Arc Reactor Technology Theory Pdf 194
Lorin Mandaloniz
The opposite is true for biological and information technology, which were first and foremost civilian technologies whose destructive potential was recognized only after their legitimate uses had been well established. Biological materials and equipment have extensive civilian uses, including in research, medicine, and agriculture. Information technology also has an unlimited number of legitimate applications. Governments have played an important role in the development and use of both technologies. The first applications of modern information technology, computers, were for military purposes such as code breaking and computations for the atomic bomb. But the most important stakeholders in both the biological and information technology areas are private entities: academic institutions, companies, and individuals.2
The nature and availability of the material and equipment, as well as the level of effort needed to use nuclear, biological, and information technology for destructive purposes, also are very different. In the case of a nuclear explosive device, the number of key materials (primarily highly enriched uranium and separated plutonium) and key technologies (enrichment and reprocessing) are limited, although other dual-use materials (such as low enriched uranium and spent fuel) and technologies (nuclear reactors) can also be used. There also are a relatively limited number of countries that possess or can supply the necessary technology. Moreover, although nonstate actors may be able to acquire a so-called dirty bomb, developing a nuclear weapon that will not only work but can be delivered successfully to a target is extremely challenging and costly and requires a dedicated national program.3
Rather than special materials or facilities, the key technology used in cyber weapons is information technology. Information technology is available wherever computers are available. Initially, the small number of computers was the determining factor in limiting hostile applications of information technology. Today, an estimated fifteen billion devices around the world are connected to the Internet, a significant portion of which are computers, and the number is growing.4 Except for high-end uses, cyber weapons also are orders of magnitude easier and cheaper to produce than nuclear explosive devices or biological weapons, as anyone with access to a computer can, in principle, develop such a weapon.

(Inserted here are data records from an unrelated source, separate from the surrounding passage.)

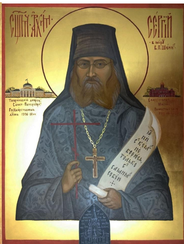
Иконы: митрополита Петроградского Вениамина и Архимандрита Сергия (Шейна)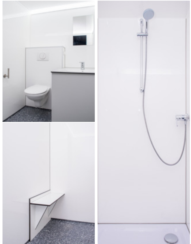
INNENANSICHT :: INTERIOR VIEW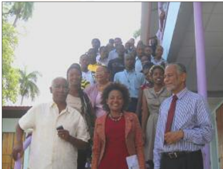
Accueil par le Recteur en 2011 de Madame Michaëlle JEAN, aujourd'hui Secrétaire Générale de la Francophonie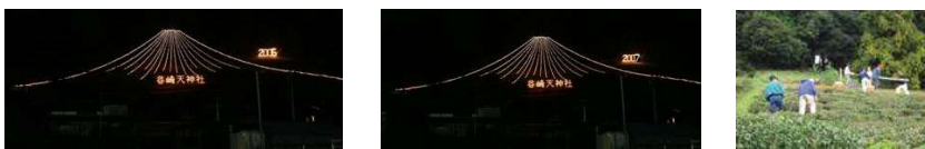
今年も年末年始イルミネーションが設置されました。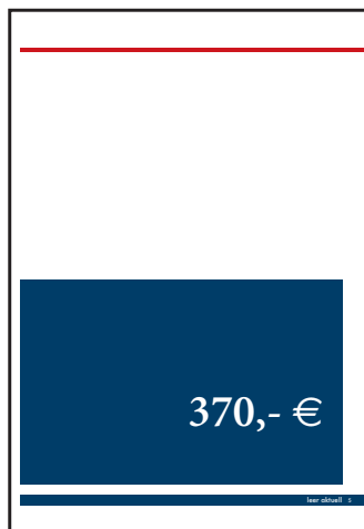
1/2 Seite: 186 x 140 mm

Papierformat 1 Seite: 210 x 297 mm Satzspiegel: 186 x 245 mm Doppelseite: 420 x 297 mm Anschnitt: 3 mm umlaufend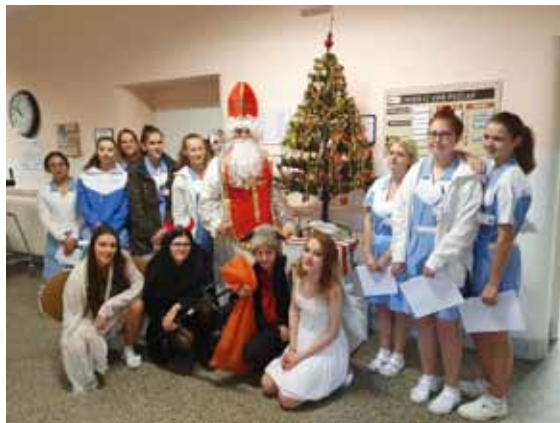
Naši žáci v podobě Mikuláše, čerta a anděla v Nemocnici Šumperk.

Zapojením našich žáků do dobrovolných sbírek se snažíme o jejich motivaci k nezištné pomoci ostatním, k rozvoji altruismu a dalších pozitivních vlastností nezbytných pro práci zdravotníka. Pomáhali jsme se sbírkami: charitativní akce Bílá pastelka, Srdíčkový týden, sbírka pro Armádu spásy, Vánoční hvězda, sbírka plastových víček aj..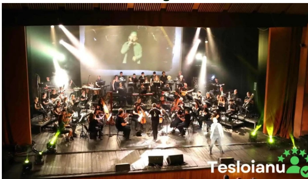
Casa de cultur? a sindicatelor miercurea ciuc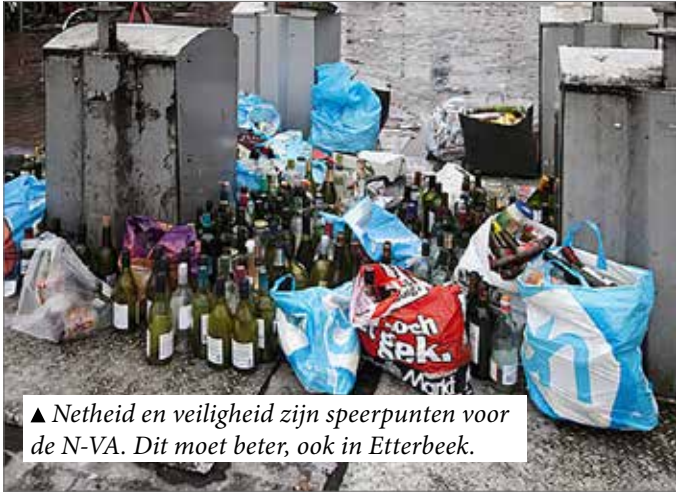
▲ Netheid en veiligheid zijn speerpunten voor de N-VA. Dit moet beter, ook in Etterbeek.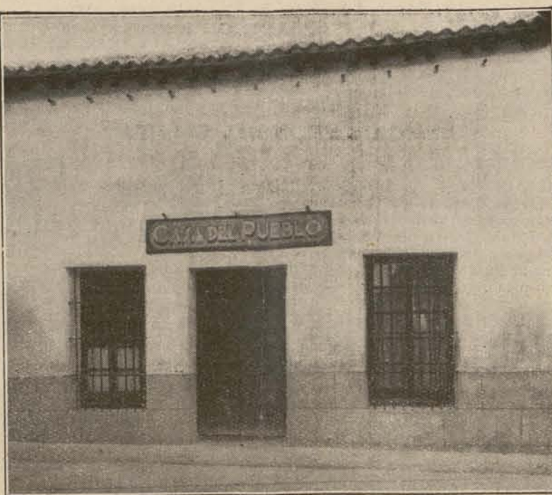
Domicilio social de los trabajadores de Vicálvaro, a los que ha prestado solidaridad la Federación Local para la posesión de esta Casa del Pueblo.

A final characteristic that has influenced the governance potential of each of these technologies is its destructive effects. Since the attacks on Hiroshima and Nagasaki in 1945, it has been clear that nuclear technology can be used to cause massive loss of life as well as physical damage. While no comparable use of biological technology has occurred, the potential impact, particularly of a highly lethal agent that can spread from person to person, also has been recognized for many years. These concerns about the mass-destruction effects of nuclear and biological weapons have helped stimulate efforts to prevent the spread and use of the relevant technologies, including the negotiation of the Treaty on the Non-Proliferation of Nuclear Weapons (NPT), the Biological Weapons Convention (BWC), and many of the other governance measures discussed in the preceding pages.
Biological technology occupies a position between nuclear and information technology on a governance continuum. Biological technology has far more civilian applications than nuclear technology, but it is not ubiquitous, as is the case with information technology. The range of biological materials and equipment that could produce a highly dangerous pathogen is much larger than with nuclear technology but, even with advances in science, not as widespread as the computers used to launch cyber attacks. The universe of actors that have a stake in biological governance continues to expand well beyond those engaged in nuclear activities but does not include every level of society, as with information technology.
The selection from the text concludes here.